Most economists and market participants consider a recession as two consecutive quarters in which gross domestic product (GDP) growth is negative. There are of course variations to what may really be considered a recession, and if you just look at the financial headlines touting “recession” you might be tricked into thinking we are already entering one. The reality is that the United States is not in a recession and the global story is slower growth rather than true recession.
Now consider Germany. The economy that is effectively the linchpin of the European Union just reported that its GDP was lower by 0.1% in the second quarter of 2019. This is after growing 0.4% in the first quarter of 2019 and growing 0.2% in the fourth quarter of 2019. Having a negative GDP growth reading in quarter is not a true recession, but Germany entered 2019 at risk of entering a technical recession. There was also the same 0.1% drop seen in the third quarter of 2018 and some economists may now treat Germany as though it is in a technical recession.
The difference between a technical recession and a true recession is that a technical variation is when the math works out on GDP being in the red, but it may lack the waves of layoffs, cuts in business spending and outright consumer panic that would be seen in a traditional recession.
Germany’s weaker GDP reading was due to a decline in exports as the “peak auto” trends continue to weigh on Germany’s exports and sales of Mercedes, BMW, Volkswagen and so on.

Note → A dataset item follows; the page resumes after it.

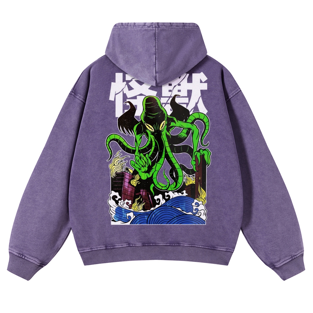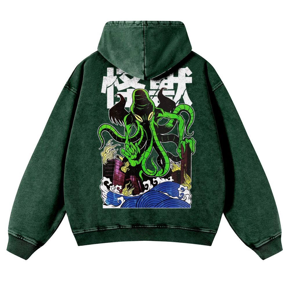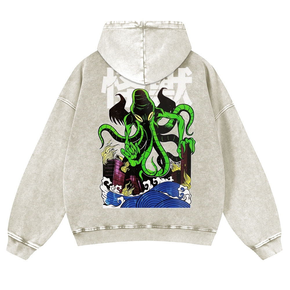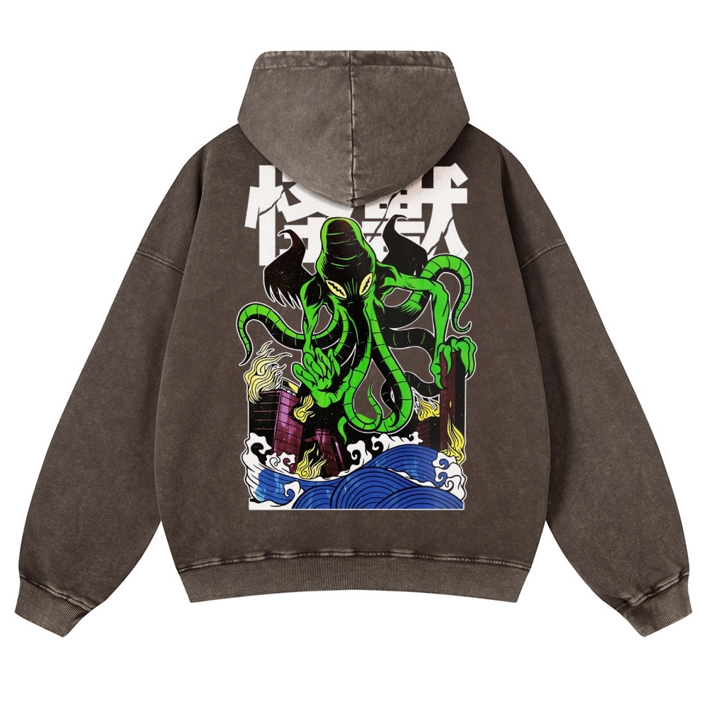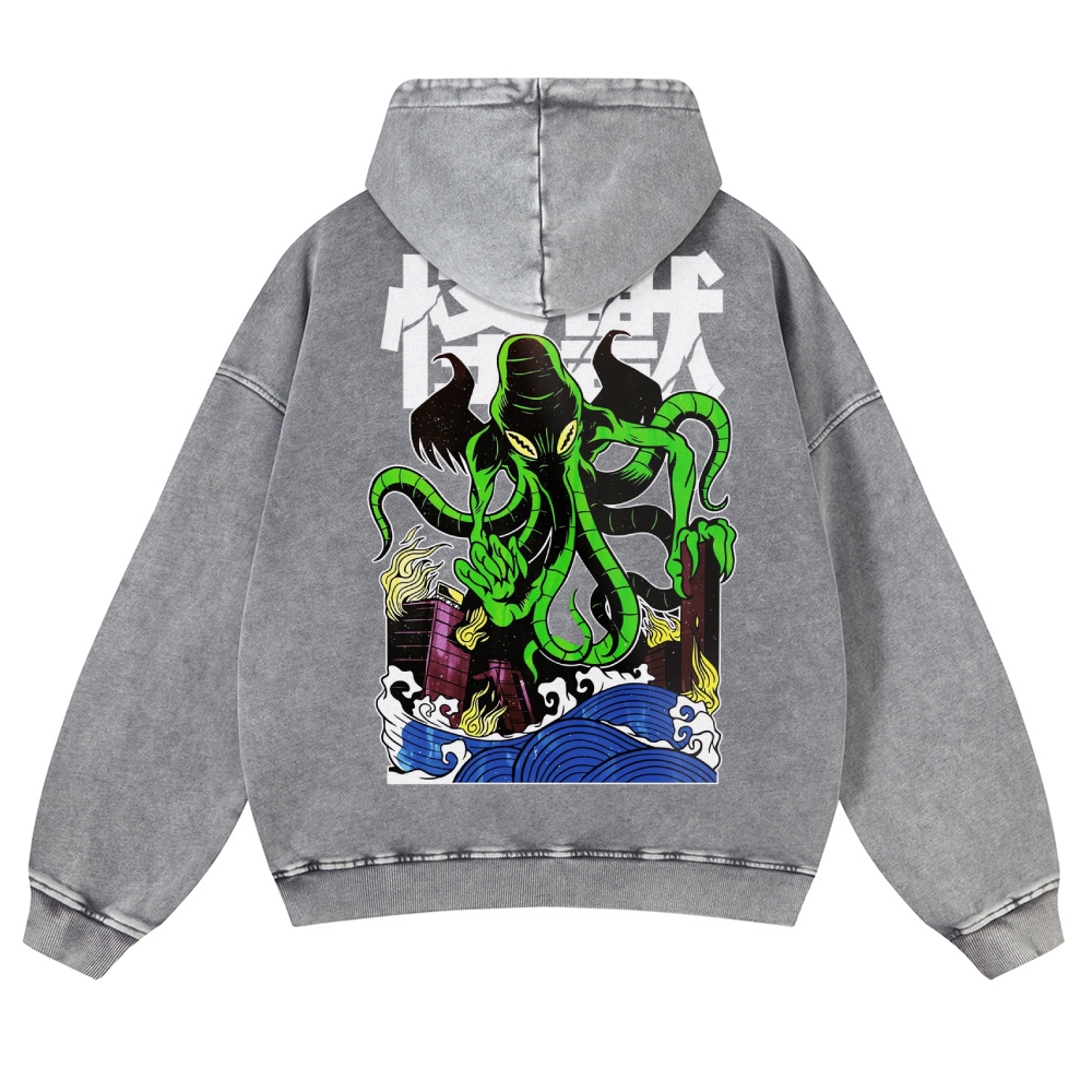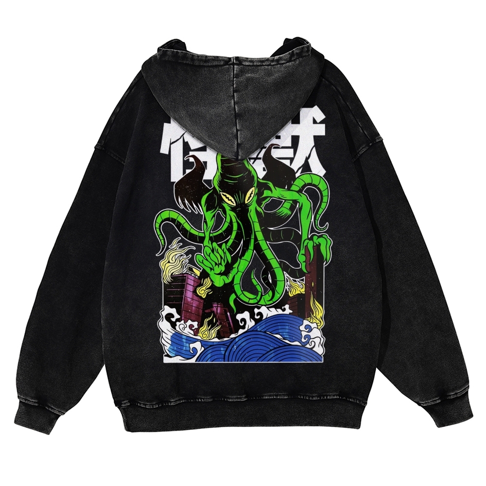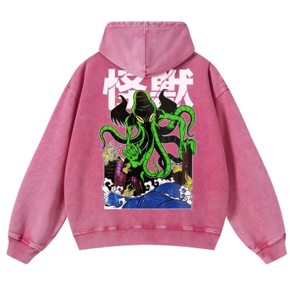 Octopus Monster Casual Vintage Washed Hoodie

What is of concern is that Germany’s manufacturing data for July looked gloomy, and that sets the stage of worry that third quarter of 2019 could be negative or flat as well. That said, the bar for the third quarter of 2019 is very low due to last year’s third quarter being negative.
The services sector readings so far have not nose-dived in Germany. Household spending and government spending have remained firm, as construction spending in the second quarter did not hold up to the first quarter’s strength.
So far Germany is maintaining that it does not need to introduce further stimulus to boost the economy. That said, German bund yields appear to all be at negative interest rates in the major maturities, and the U.S. markets are worried because the U.S. Treasury’s two-year note yield briefly inverted against the 10-year note yield.
It’s also important to consider that Germany’s unemployment rate currently is a mere 3.1%. It’s hard to talk about a recession being a total wipeout to the economy when everyone who can count to 16 and who doesn’t have two heads and three arms is gainfully employed.